> For the complete documentation index, see [llms.txt](https://docs.photoroom.com/llms.txt). Markdown versions of documentation pages are available by appending `.md` to page URLs; this page is available as [Markdown](https://docs.photoroom.com/getting-started/what-were-working-on.md).

# What we're working on

Photoroom's goal is to deliver the AI image editing solution that offers the strongest possible level of product fidelity.

To achieve this goal, we have a dedicated in-house Machine Learning team that actively conducts research to determine what type of AI models are able to edit images with minimal risk of hallucinations.

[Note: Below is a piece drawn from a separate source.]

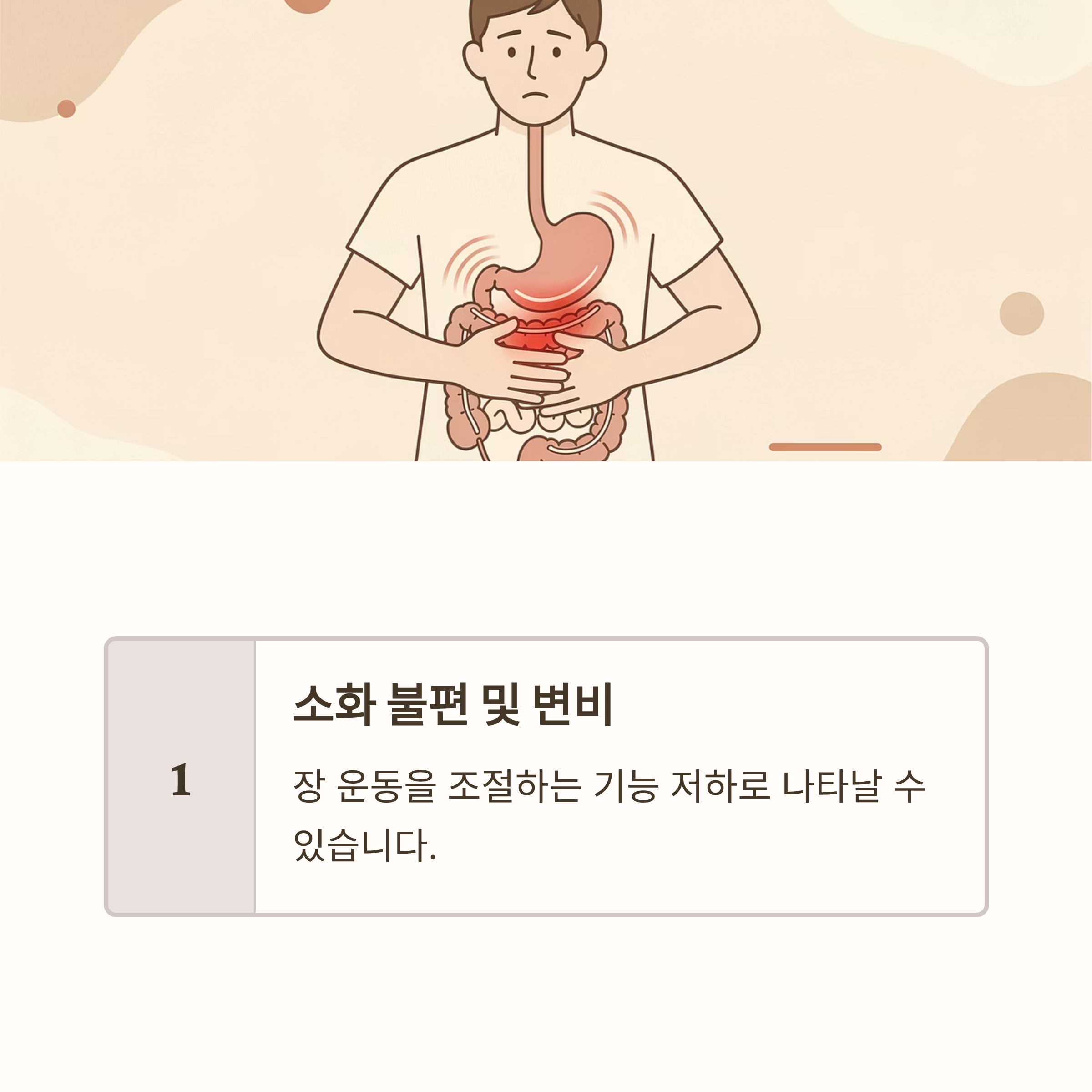 장 운동을 조절하는 기능 저하로 나타날 수 있습니다.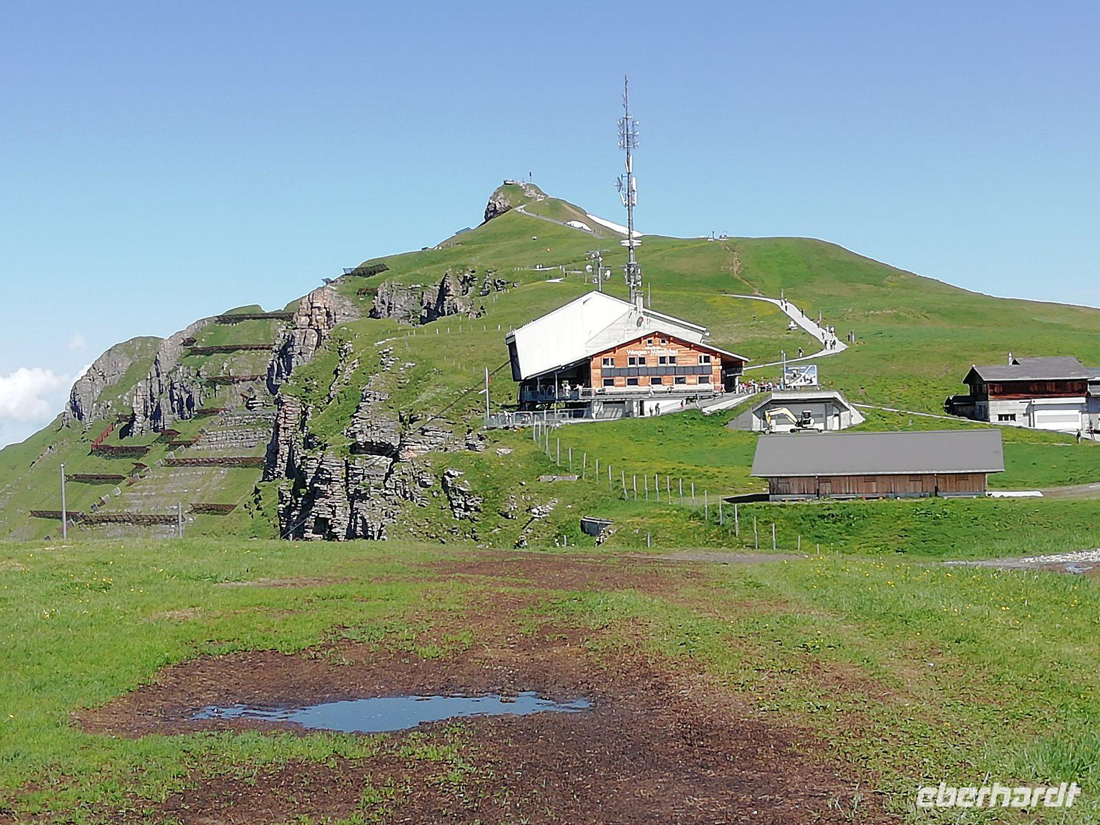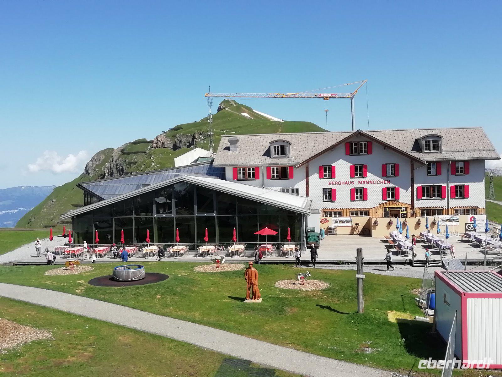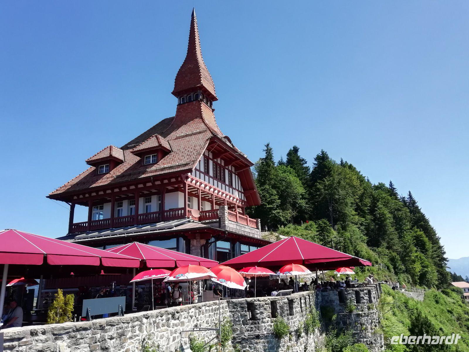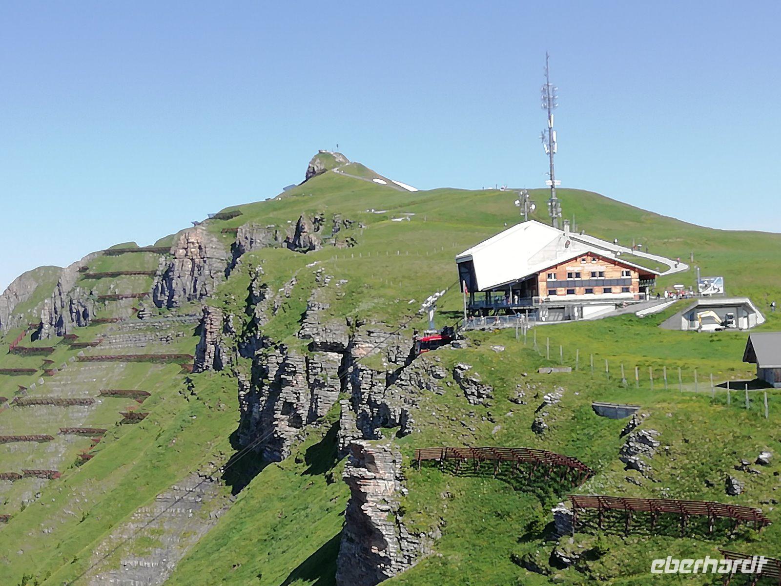 Der Wetterbericht verspricht für heute 15 Stunden Sonnenschein. Umso mehr freuen wir uns auf unseren Ausflug zur Schynige Platte. In Wilderswil befindet sich der Bahnhof der nostalgischen Bergbahn, die uns hinauf zur Schynige Platte bringt. Dabei überwinden wir im historischen offen Wagen auf der 7,26 km langen Strecke mit 12 km/h einen Höhenunterschied von 1383 m. Möglich wird das durch eine durchschnittliche Neigung von 19 Prozent (größte Neigung sogar 25 Prozent) und 67 Kurven. Schon die Auffahrt ist ein Erlebnis, und die Aussicht oben sowieso. Es gibt Rundwege für jeden Geschmack. Erst gestern wurde der „Swiss Flower & Panorama Trail" eröffnet. Einige versuchen sich hier am „Kuhglockenspiel". Andere gehen zum Aussichtpunkt Daube oder zum Oberberghorn. Und natürlich darf ein Besuch im Alpengarten nicht fehlen. Fast 700 Alpenpflanzen kann man hier entdecken. Pflanze des Tages ist heute der Enzian. Während unseres Aufenthaltes auf dem Berg sind immer wieder Alphornklänge zu hören. Auf der Sonnenterrasse des Berghotels entdecken wir dann die beiden Alphornbläser. Wer will, kann auch gern selbst versuchen, dem Instrument einen Ton zu entlocken. Gar nicht so einfach. Dann geht es in 50minütiger Fahrt wieder nach unten.

Right now this team is exploring a new idea: training a model that operates directly in *pixel space*.

### What does *pixel space* mean?

Current state-of-the-art AI image editing models don't operate directly on the pixels of the image.

Instead they operate on a learned representation of the image that lives in what is called a *latent space*.

It's a fairly technical topic but here's the gist of it:&#x20;

First, a separate model compresses your image into a much smaller grid of numbers (called *tokens*). Think of it like a zip file — smaller, but with all the important information preserved.

The editing model then uses that compressed version as a reference when performing the editing.

Finally, another model decompresses it back into a full image.

But here's the important tradeoff: that compressed format is an **interpretation** of your image, not a perfect copy.&#x20;

When the model edits it and decompresses it back, it's essentially reconstructing the image from an approximation, which means it can sometimes fill in details that weren't there originally.

This is where hallucinations come from: the model confuses what was in the image with what it *expects* to be there.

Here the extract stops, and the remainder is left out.